Znacie takie obrazki, że córeczka wygląda jak mała mamusia? Takie same fryzury, podobne płaszczyki, kozaczki? To jest urocze, ale jednak nie dla mnie.
Natomiast podoba mi się, kiedy dzieci ubrane są w ubrania jak dla dorosłych ale w wersji mini. Tutaj oczywiście też bez przesady, nie może to się odbijać na wygodzie, bo wiadomo przecież, że małe nogi muszą być tak ubrane, żeby można było swobodnie nimi machać i biegać.
Pamiętacie jak pisałam, że do
małych portasków powstanie bluza? Powstawała długo, to fakt, ale czekałam chyba na ten moment, że spojrzę na
bluzę w wersji mąż i już nic nie odciągnie mnie od uszycia wersji synek:
Nie korzystałam z gotowego wykroju, znowu skroiłam według istniejącej bluzy Brunka. Razem ze spodenkami Mały ma teraz świetny dresik, ciepły i bardzo wygodny. Spodenki sprawdzają się super.
Język na wierzchu czyli praca manualna w toku :)
Ale to jeszcze nie koniec.... już pewnie zauważyliście, że jak Oli się coś spodoba to nie ma zmiłuj, szyje na całego :) Dresik Bruna tak mi zawrócił w głowie, że zarwałam noc jedną albo kilka....ale zobaczcie efekty!
Oto mini mini dla chłopczyka i dziewczynki, takie miniaturki moich bluz pokazywanych dotychczas na blogu plus spodenki urozmaicone kieszonkami i falbankami:
Wszystkie dresiki są w rozmiarze 86, czyli tak ja na mojego synka (1,5 roku-2 lata).

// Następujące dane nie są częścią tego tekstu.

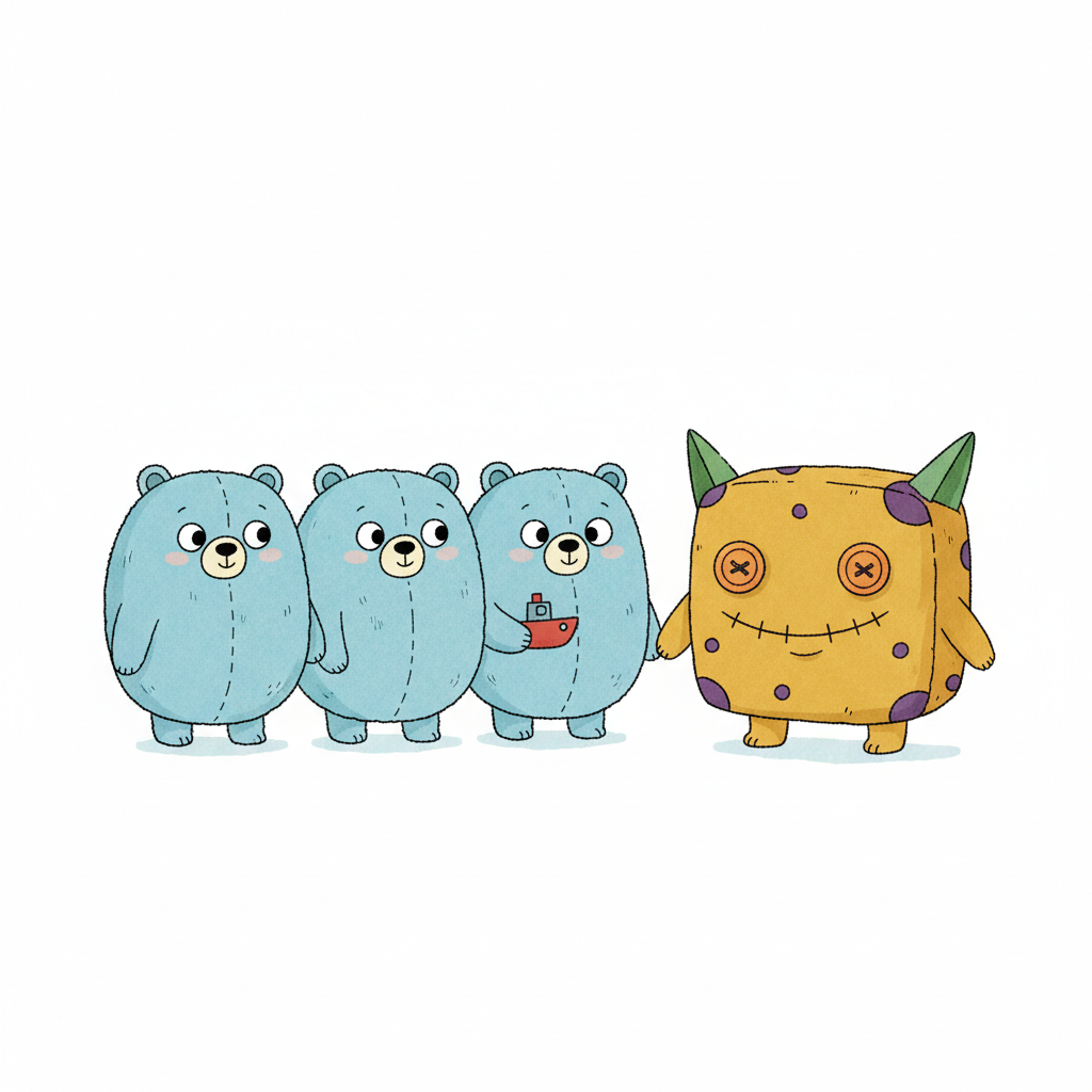 Drei blaue Teddybären, einer mit Boot, treffen auf ein gelbes Würfelmonster mit Knopfaugen.

Ja nie mam tak malutkiej córeczki, synek też już obszyty, więc jeśli ktoś z Was byłby zainteresowany mini bluzami/spodenkami/kompletami to chętnie wypuszczę je w świat :) Mogę oczywiście też uszyć w innym rozmiarze, z drobnym zastrzeżeniem, że bordowej pikówki mam już bardzo mało (może na jedną chłopięcą bluzę starczy) ale za to mam baaaardzo dużo tej pikówki w granacie :)))
Zapraszam do kontaktu mailowego!
aaaaa, mam jeszcze zdjęcie małej bluzy uszytej dla ślicznej małej damy z pikowanymi raglanowymi rękawkami:
Jakość zdjęcia pozostawia do życzenia, ale mam nadzieję, że mi to wybaczycie :)
Nie pamiętam, żebym kiedykolwiek wrzuciła tyle zdjęć w jednym poście, ale musiałam Wam pokazać wszystkie małe słodziaki!
Pozdrawiam! Trzymajcie się cieplutko, bo mróz w końcu złapał! Miłego tygodnia!